Non-qualified Stock Options. The Company anticipates that all non-qualified stock options granted under the 2006 Plan will have the following anticipated (but not guaranteed) federal income tax consequences, among others:

 

  a. The optionee will recognize no income at the time of grant.

 

  b. Upon exercise of the non-qualified stock option, the individual to whom the option is granted should be deemed to receive ordinary income at the time of exercise equal to the excess, if any, of the fair market value of the acquired shares at such time over the option price for such shares.

 

  c. If the shares acquired upon the exercise of a non-qualified stock option are disposed of in a taxable transaction, the individual disposing of such shares will have a realized and recognized capital gain or loss equal to the difference, if any, between the amount realized and the adjusted basis of such shares to him. Such gain or loss will be long-term or short-term depending on whether such shares are held for longer than one year or not. The adjusted basis usually (but not always) will include the option price plus any ordinary income described in (b) with respect to such shares.

 

  d. In any year in which an employee reports compensation as a result of the grant or exercise of a non-qualified stock option, the Company would receive a business expense deduction in the same amount as such reported compensation.

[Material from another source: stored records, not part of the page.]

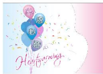
Presentation Pack (Cover).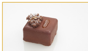
Caramelo Cake (3") - Gluten Friendly Item # DSP025 | Case: 12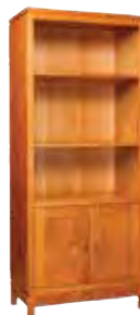
Shelving - 72" Bookcase 36w x 13d x 72h - F125

Check price list for more available models.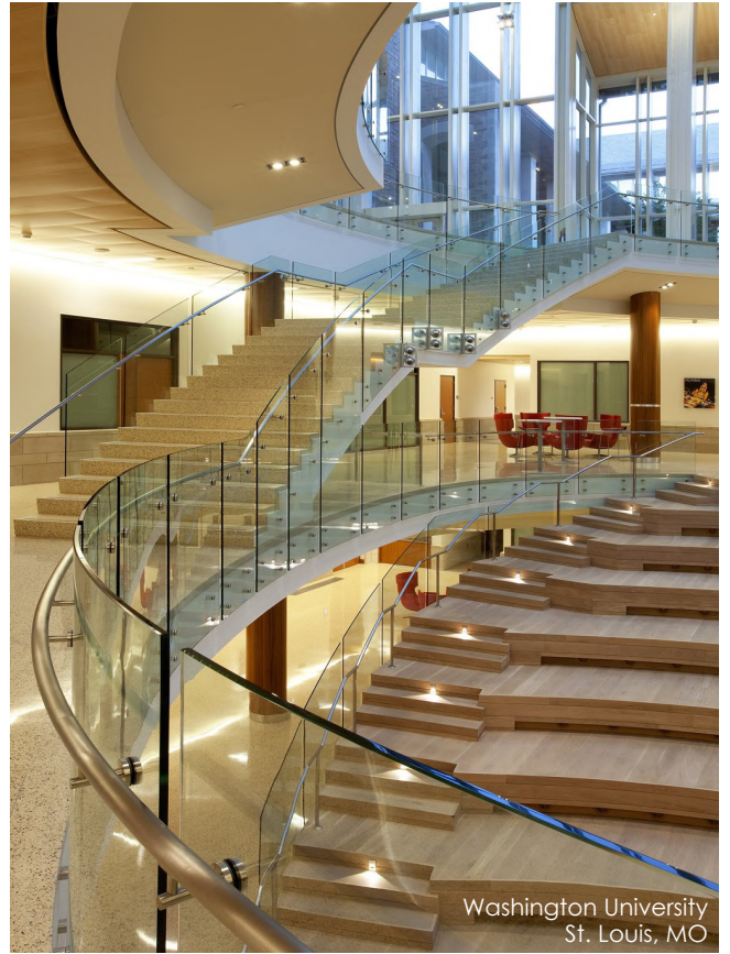
Washington University St. Louis, MO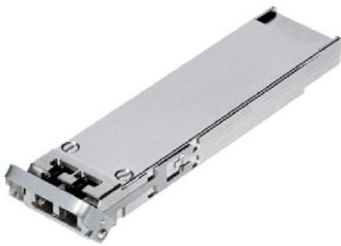
Figure 2. XFP Transceiver module for the Cisco ONS Family

The XFP transceiver module (Figure 2) is a bidirectional device with a transmitter and receiver in the same physical package. The XFP module contains a 30-pin surface mount connector on the electrical interface and a duplex LC connector on the optical interface.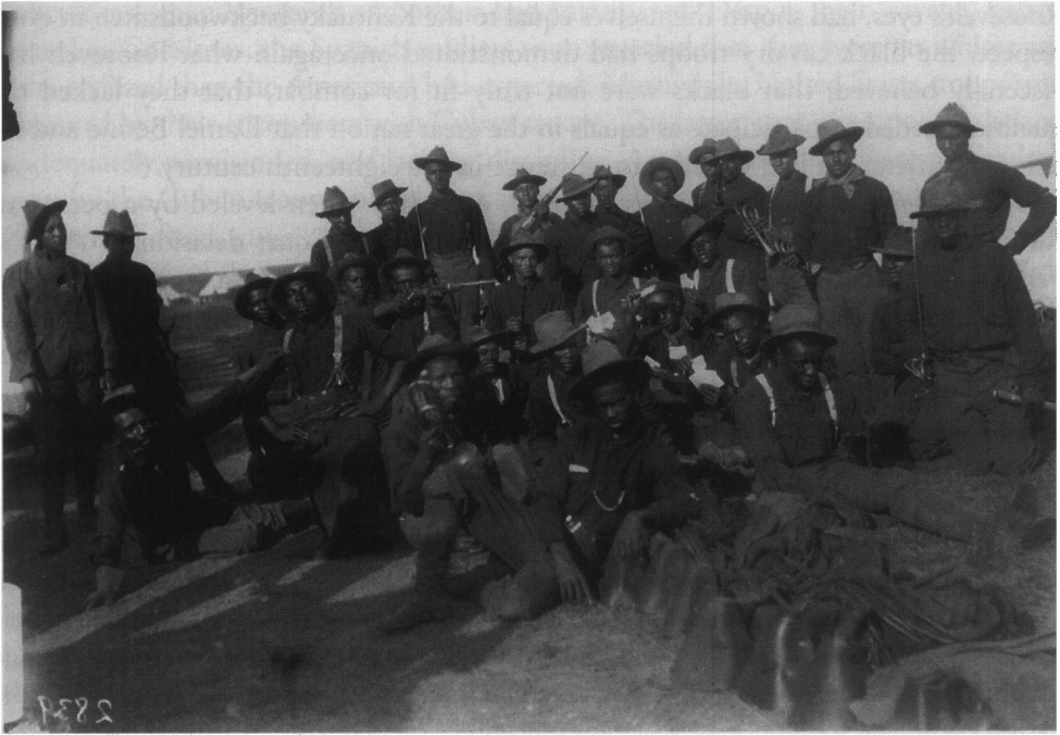
The soldiers pictured above belonged to one of the four African American United States Army regiments—the Ninth and Tenth cavalries, the Twenty-fourth and Twenty-fifth infantries—that played indispensable roles in the victories at Kettle and San Juan hills.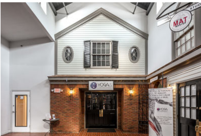
211 Clover Ln-25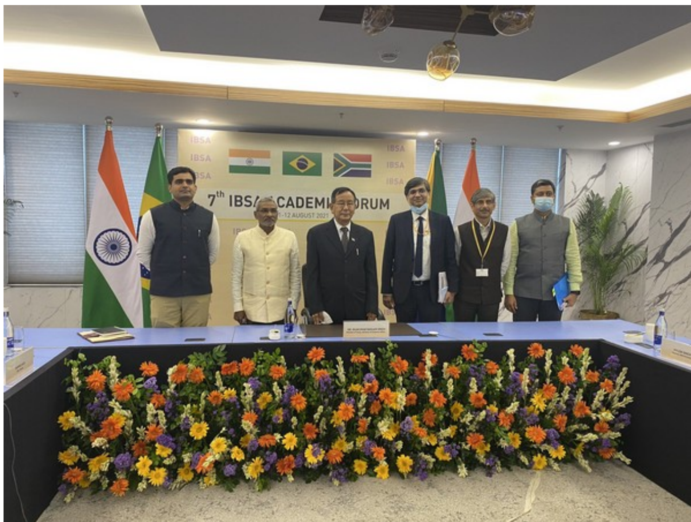
MOS inaugurates two-day 7th IBSA Academic Forum.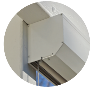
5" x 5½" extruded aluminum head box

The Board of Directors has unanimously approved the adoption of a 2006 Stock Option Plan and recommends to the shareholders a vote FOR this proposal.

Code of Ethics

Pursuant to Section 406 of the Sarbanes-Oxley Act of 2002, IEI has adopted a code of ethics that applies to its principal executive officer, chief operating officer and chief financial officer and accounting officers. A copy of the code of ethics can be obtained without charge by written request to Investor Relations Department, International Electronics, Inc., 427 Turnpike Street, Canton, MA 02021 and is also available on IEI’s website at http://www.ieib.com.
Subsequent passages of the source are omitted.